Exercise instructions: All pictures should be dropped, and only the lines from the top of the entries below through the line containing "The large fold-down" repeated exactly, both ends included.

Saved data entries

<<<<

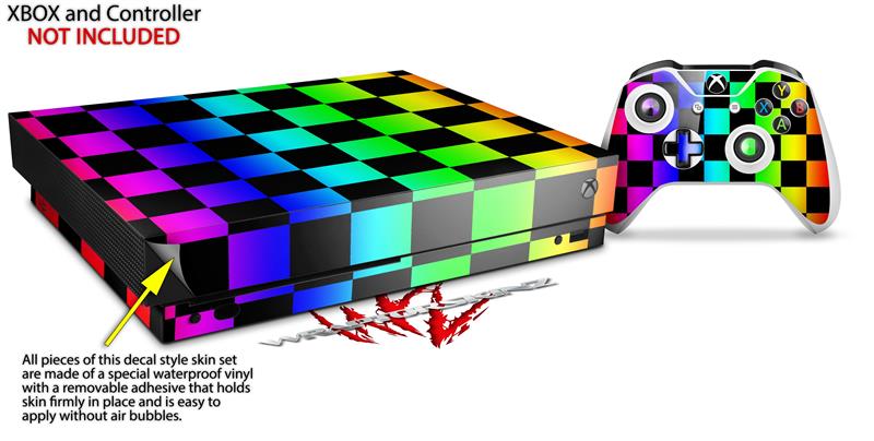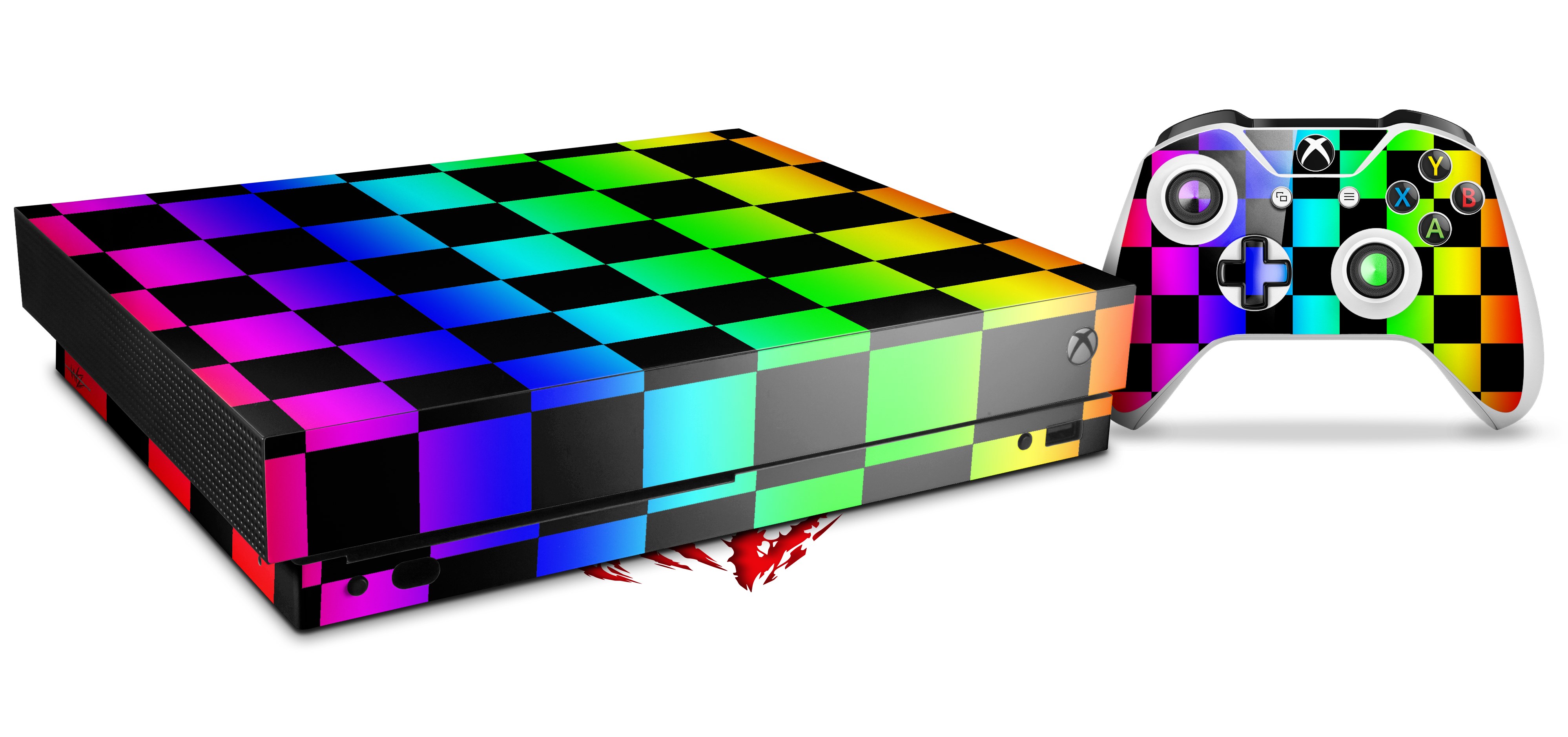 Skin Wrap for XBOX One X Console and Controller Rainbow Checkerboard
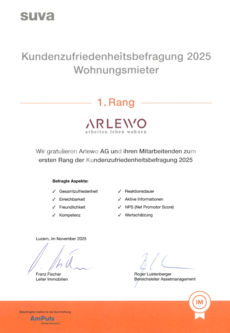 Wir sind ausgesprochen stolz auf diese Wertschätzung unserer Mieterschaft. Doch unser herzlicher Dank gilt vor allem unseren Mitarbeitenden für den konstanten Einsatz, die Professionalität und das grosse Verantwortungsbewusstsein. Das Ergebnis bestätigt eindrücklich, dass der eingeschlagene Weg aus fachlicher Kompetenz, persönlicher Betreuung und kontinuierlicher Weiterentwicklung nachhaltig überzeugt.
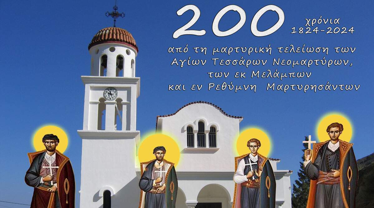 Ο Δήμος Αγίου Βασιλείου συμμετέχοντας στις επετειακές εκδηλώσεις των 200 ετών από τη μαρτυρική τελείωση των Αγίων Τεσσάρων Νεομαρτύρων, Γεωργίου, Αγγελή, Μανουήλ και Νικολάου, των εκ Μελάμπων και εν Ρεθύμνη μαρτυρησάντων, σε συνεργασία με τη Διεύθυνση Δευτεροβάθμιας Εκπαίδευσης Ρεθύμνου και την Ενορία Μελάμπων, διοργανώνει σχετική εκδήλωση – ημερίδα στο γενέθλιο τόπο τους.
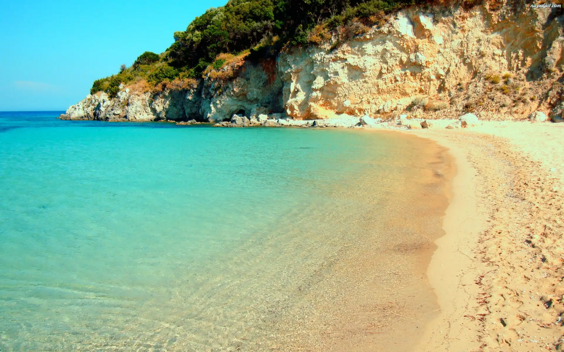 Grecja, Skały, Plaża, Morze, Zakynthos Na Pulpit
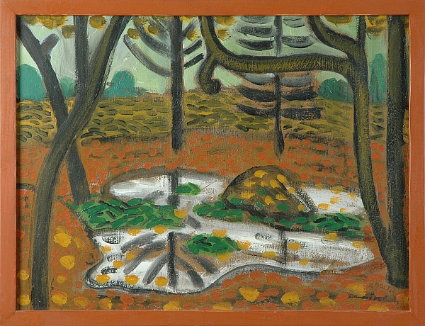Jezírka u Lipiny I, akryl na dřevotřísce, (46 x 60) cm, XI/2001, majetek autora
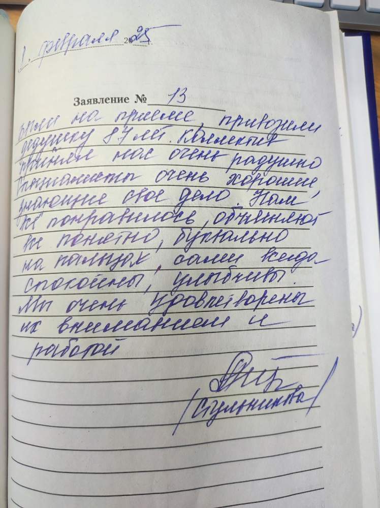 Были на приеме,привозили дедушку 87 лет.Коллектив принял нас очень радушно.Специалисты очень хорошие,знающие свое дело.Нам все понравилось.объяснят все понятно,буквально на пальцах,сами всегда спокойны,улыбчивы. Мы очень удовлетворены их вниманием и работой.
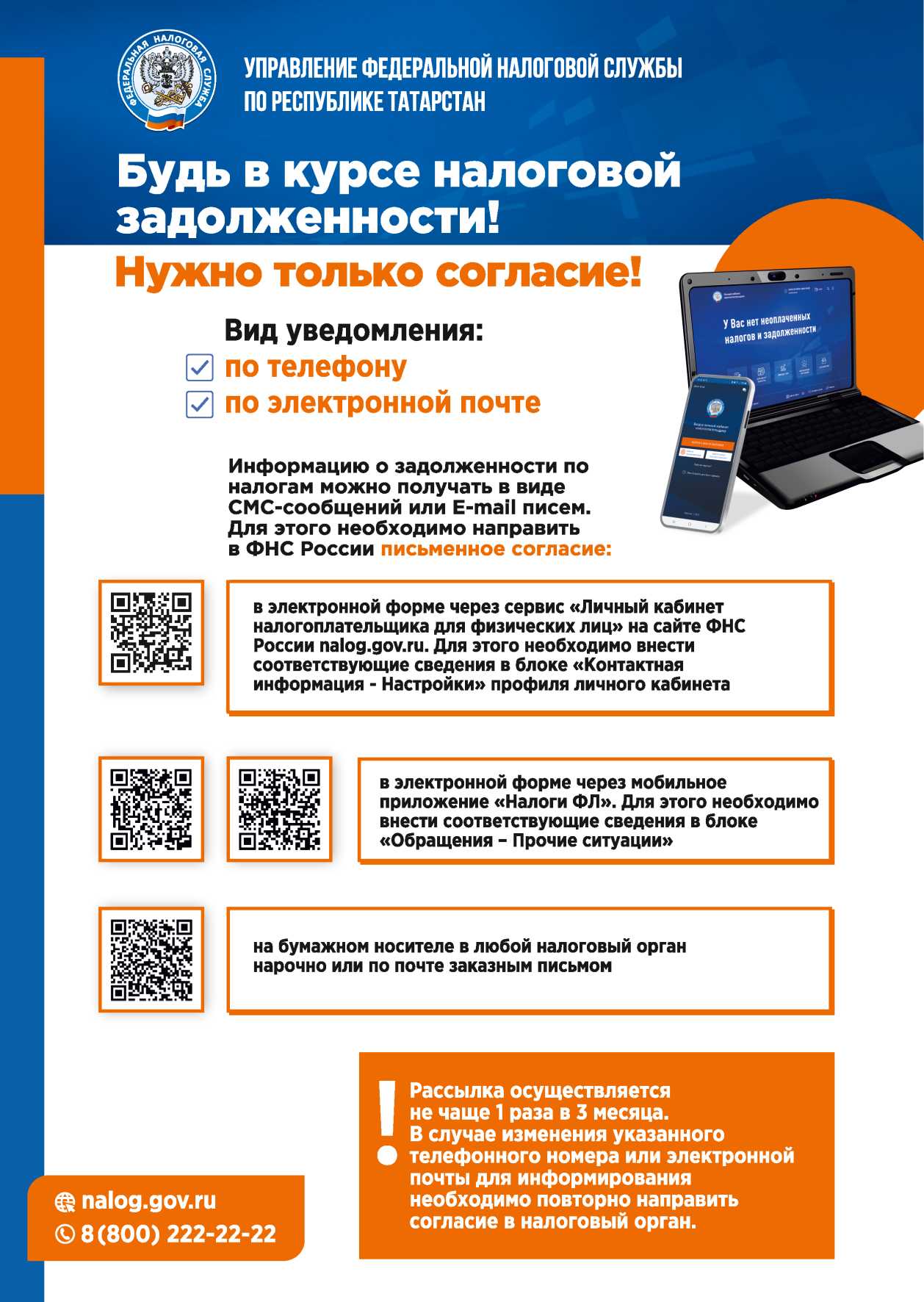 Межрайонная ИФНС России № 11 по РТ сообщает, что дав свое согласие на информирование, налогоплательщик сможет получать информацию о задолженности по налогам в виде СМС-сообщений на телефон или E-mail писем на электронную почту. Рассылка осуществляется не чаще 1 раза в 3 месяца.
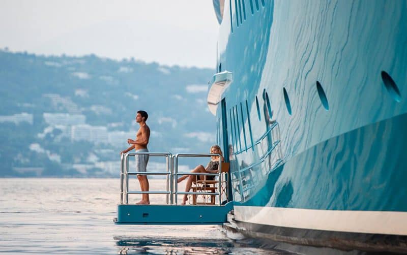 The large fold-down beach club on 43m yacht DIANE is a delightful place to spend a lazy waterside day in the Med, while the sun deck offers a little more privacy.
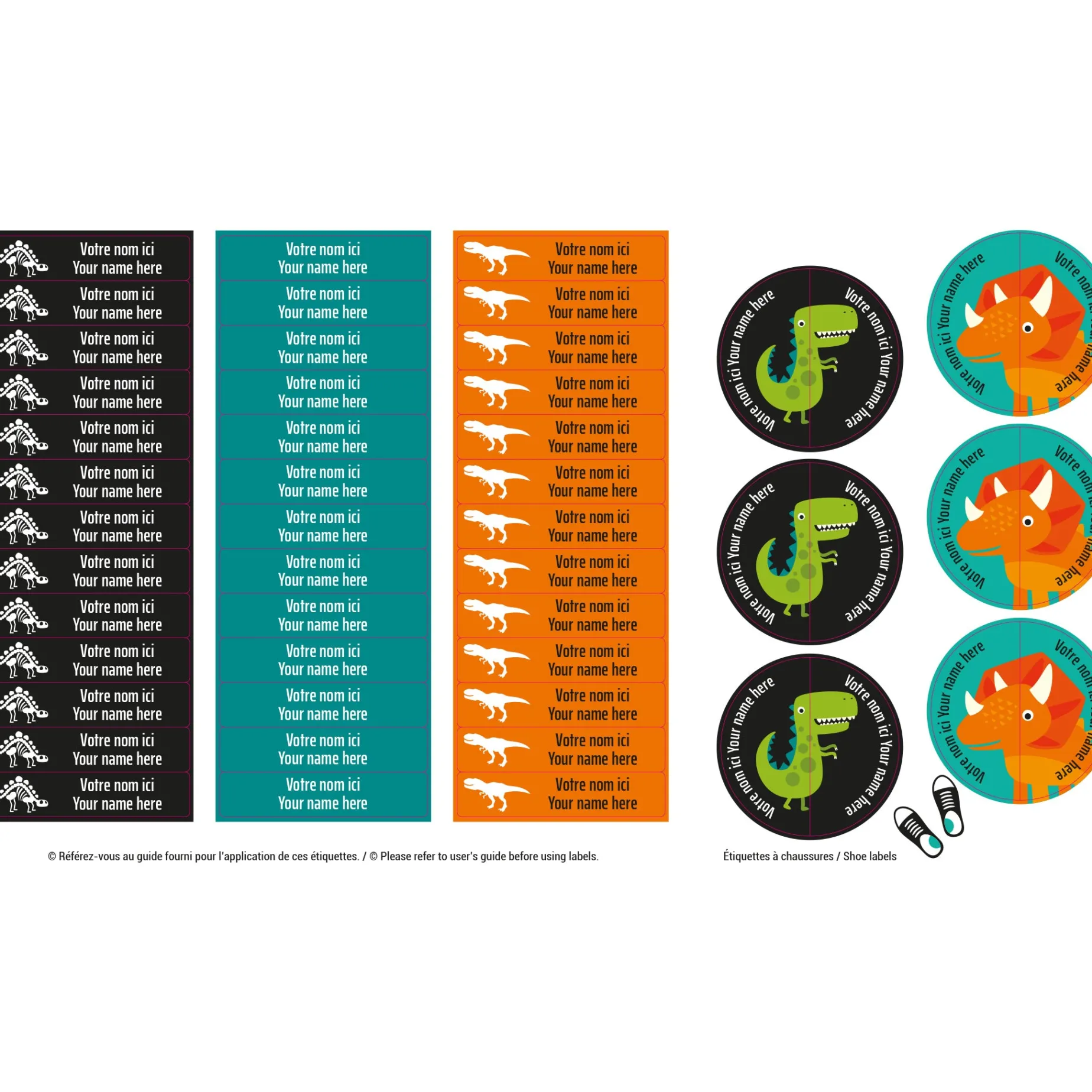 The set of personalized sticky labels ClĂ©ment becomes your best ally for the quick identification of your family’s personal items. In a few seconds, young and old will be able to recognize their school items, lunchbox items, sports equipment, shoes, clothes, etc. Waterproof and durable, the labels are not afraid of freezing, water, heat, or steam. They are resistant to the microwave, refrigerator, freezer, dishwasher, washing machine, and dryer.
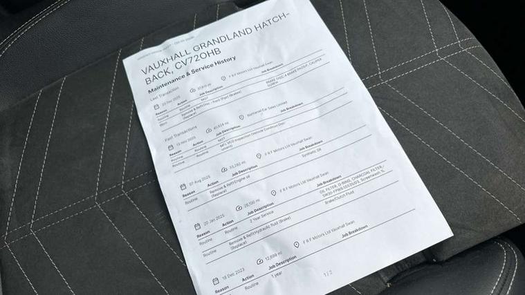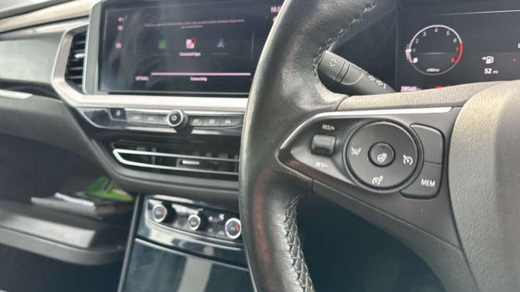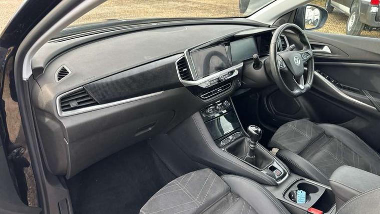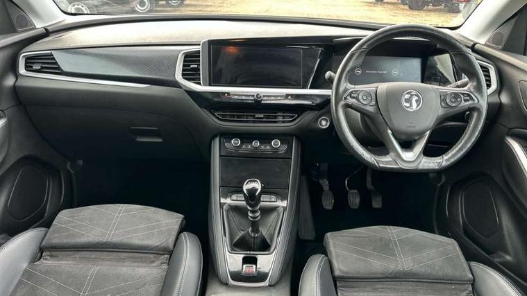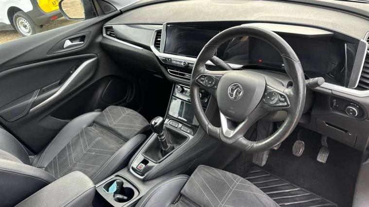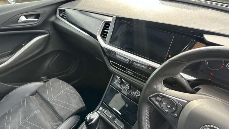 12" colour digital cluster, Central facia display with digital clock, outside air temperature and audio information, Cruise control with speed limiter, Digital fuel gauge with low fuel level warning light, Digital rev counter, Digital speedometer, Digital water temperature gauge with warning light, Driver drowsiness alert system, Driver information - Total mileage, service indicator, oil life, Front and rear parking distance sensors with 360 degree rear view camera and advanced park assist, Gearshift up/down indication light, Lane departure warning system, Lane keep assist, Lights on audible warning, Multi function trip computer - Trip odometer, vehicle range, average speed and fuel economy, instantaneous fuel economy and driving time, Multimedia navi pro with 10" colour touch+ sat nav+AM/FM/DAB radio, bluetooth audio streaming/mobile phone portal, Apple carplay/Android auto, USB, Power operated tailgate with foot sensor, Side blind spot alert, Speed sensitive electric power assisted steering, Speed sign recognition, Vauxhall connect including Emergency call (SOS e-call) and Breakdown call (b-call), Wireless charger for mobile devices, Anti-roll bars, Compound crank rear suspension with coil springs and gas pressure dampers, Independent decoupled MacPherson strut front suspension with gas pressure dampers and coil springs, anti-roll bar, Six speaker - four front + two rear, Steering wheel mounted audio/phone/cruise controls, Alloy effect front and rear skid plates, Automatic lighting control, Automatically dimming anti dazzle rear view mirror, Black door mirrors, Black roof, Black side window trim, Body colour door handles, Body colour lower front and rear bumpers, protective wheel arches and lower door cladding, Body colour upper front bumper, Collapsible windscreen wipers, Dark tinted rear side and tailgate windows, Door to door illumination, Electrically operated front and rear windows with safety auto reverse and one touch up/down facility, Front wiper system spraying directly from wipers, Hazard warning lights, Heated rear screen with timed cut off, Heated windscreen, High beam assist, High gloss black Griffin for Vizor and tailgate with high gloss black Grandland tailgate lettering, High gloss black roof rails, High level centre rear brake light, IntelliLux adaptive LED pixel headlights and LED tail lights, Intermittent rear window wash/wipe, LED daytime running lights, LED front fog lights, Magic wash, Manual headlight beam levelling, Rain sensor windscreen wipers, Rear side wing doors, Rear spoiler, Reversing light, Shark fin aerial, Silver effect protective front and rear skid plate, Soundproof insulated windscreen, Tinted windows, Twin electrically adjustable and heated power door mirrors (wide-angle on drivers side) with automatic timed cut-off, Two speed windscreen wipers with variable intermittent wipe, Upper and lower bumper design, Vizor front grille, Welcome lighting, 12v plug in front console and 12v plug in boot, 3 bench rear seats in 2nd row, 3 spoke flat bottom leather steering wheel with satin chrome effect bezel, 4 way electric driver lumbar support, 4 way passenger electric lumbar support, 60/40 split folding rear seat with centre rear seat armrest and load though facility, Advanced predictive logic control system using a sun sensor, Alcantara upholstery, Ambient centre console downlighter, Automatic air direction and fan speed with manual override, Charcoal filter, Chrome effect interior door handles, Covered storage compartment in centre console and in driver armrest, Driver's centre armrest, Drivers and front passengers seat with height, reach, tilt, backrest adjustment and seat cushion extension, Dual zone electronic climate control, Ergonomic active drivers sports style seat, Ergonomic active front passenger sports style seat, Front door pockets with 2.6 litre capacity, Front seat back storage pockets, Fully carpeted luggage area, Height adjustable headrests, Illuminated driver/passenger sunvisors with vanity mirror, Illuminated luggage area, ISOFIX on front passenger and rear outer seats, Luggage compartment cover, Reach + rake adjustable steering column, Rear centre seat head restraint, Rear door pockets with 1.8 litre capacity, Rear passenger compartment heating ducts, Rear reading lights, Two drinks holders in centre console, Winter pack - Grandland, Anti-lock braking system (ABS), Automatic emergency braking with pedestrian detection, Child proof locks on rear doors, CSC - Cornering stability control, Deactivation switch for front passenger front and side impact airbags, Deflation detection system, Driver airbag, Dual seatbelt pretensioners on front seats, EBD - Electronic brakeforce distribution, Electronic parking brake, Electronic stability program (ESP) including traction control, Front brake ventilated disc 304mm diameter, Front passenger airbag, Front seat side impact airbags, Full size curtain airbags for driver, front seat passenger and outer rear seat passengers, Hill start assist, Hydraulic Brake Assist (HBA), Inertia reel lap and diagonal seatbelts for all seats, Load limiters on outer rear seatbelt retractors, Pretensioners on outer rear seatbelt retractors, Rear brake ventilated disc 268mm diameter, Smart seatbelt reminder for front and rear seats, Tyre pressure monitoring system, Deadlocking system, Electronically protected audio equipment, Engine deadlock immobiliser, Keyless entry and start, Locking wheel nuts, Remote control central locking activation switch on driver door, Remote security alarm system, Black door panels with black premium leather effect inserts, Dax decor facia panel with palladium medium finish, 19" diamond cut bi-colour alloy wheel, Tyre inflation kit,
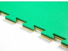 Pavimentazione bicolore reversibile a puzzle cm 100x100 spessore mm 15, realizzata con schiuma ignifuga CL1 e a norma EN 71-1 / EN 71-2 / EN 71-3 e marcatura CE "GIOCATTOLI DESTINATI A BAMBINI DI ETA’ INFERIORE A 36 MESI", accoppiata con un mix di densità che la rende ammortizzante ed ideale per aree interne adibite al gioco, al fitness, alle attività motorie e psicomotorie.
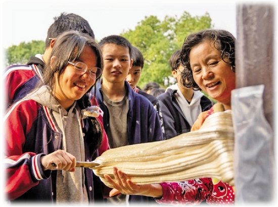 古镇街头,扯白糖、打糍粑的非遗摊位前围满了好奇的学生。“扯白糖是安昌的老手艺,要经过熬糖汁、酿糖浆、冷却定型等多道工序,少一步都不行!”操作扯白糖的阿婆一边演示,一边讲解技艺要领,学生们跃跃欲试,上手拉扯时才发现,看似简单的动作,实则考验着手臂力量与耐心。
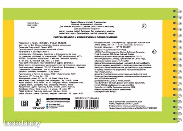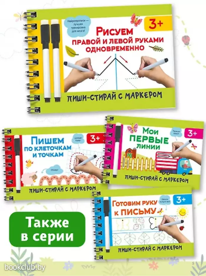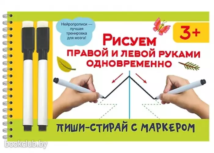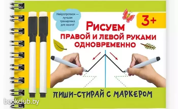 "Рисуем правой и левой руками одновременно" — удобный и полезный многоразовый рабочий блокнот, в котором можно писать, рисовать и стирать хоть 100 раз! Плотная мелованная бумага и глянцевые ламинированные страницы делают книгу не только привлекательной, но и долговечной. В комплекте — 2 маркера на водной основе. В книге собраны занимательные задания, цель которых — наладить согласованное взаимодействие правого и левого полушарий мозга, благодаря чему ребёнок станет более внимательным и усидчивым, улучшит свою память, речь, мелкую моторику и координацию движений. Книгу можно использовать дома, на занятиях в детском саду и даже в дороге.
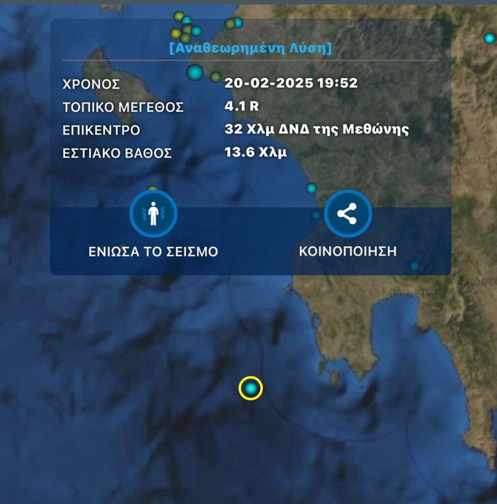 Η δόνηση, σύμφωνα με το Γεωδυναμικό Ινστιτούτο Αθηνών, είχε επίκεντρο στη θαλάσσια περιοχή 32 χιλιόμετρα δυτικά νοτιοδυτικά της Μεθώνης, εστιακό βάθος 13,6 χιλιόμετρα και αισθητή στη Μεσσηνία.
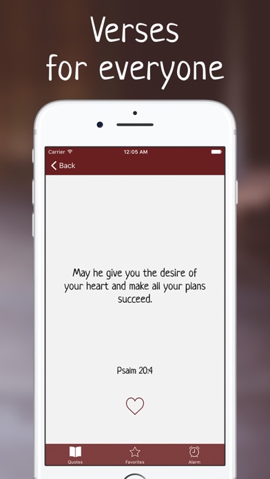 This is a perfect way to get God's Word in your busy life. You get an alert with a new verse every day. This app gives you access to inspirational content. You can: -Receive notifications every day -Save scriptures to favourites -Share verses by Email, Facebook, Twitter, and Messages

>>>>

Output of the exercise:
 Skin Wrap for XBOX One X Console and Controller Rainbow Checkerboard
 Wir sind ausgesprochen stolz auf diese Wertschätzung unserer Mieterschaft. Doch unser herzlicher Dank gilt vor allem unseren Mitarbeitenden für den konstanten Einsatz, die Professionalität und das grosse Verantwortungsbewusstsein. Das Ergebnis bestätigt eindrücklich, dass der eingeschlagene Weg aus fachlicher Kompetenz, persönlicher Betreuung und kontinuierlicher Weiterentwicklung nachhaltig überzeugt.
 Ο Δήμος Αγίου Βασιλείου συμμετέχοντας στις επετειακές εκδηλώσεις των 200 ετών από τη μαρτυρική τελείωση των Αγίων Τεσσάρων Νεομαρτύρων, Γεωργίου, Αγγελή, Μανουήλ και Νικολάου, των εκ Μελάμπων και εν Ρεθύμνη μαρτυρησάντων, σε συνεργασία με τη Διεύθυνση Δευτεροβάθμιας Εκπαίδευσης Ρεθύμνου και την Ενορία Μελάμπων, διοργανώνει σχετική εκδήλωση – ημερίδα στο γενέθλιο τόπο τους.
 Grecja, Skały, Plaża, Morze, Zakynthos Na Pulpit
Jezírka u Lipiny I, akryl na dřevotřísce, (46 x 60) cm, XI/2001, majetek autora
 Были на приеме,привозили дедушку 87 лет.Коллектив принял нас очень радушно.Специалисты очень хорошие,знающие свое дело.Нам все понравилось.объяснят все понятно,буквально на пальцах,сами всегда спокойны,улыбчивы. Мы очень удовлетворены их вниманием и работой.
 Межрайонная ИФНС России № 11 по РТ сообщает, что дав свое согласие на информирование, налогоплательщик сможет получать информацию о задолженности по налогам в виде СМС-сообщений на телефон или E-mail писем на электронную почту. Рассылка осуществляется не чаще 1 раза в 3 месяца.
 The large fold-down beach club on 43m yacht DIANE is a delightful place to spend a lazy waterside day in the Med, while the sun deck offers a little more privacy.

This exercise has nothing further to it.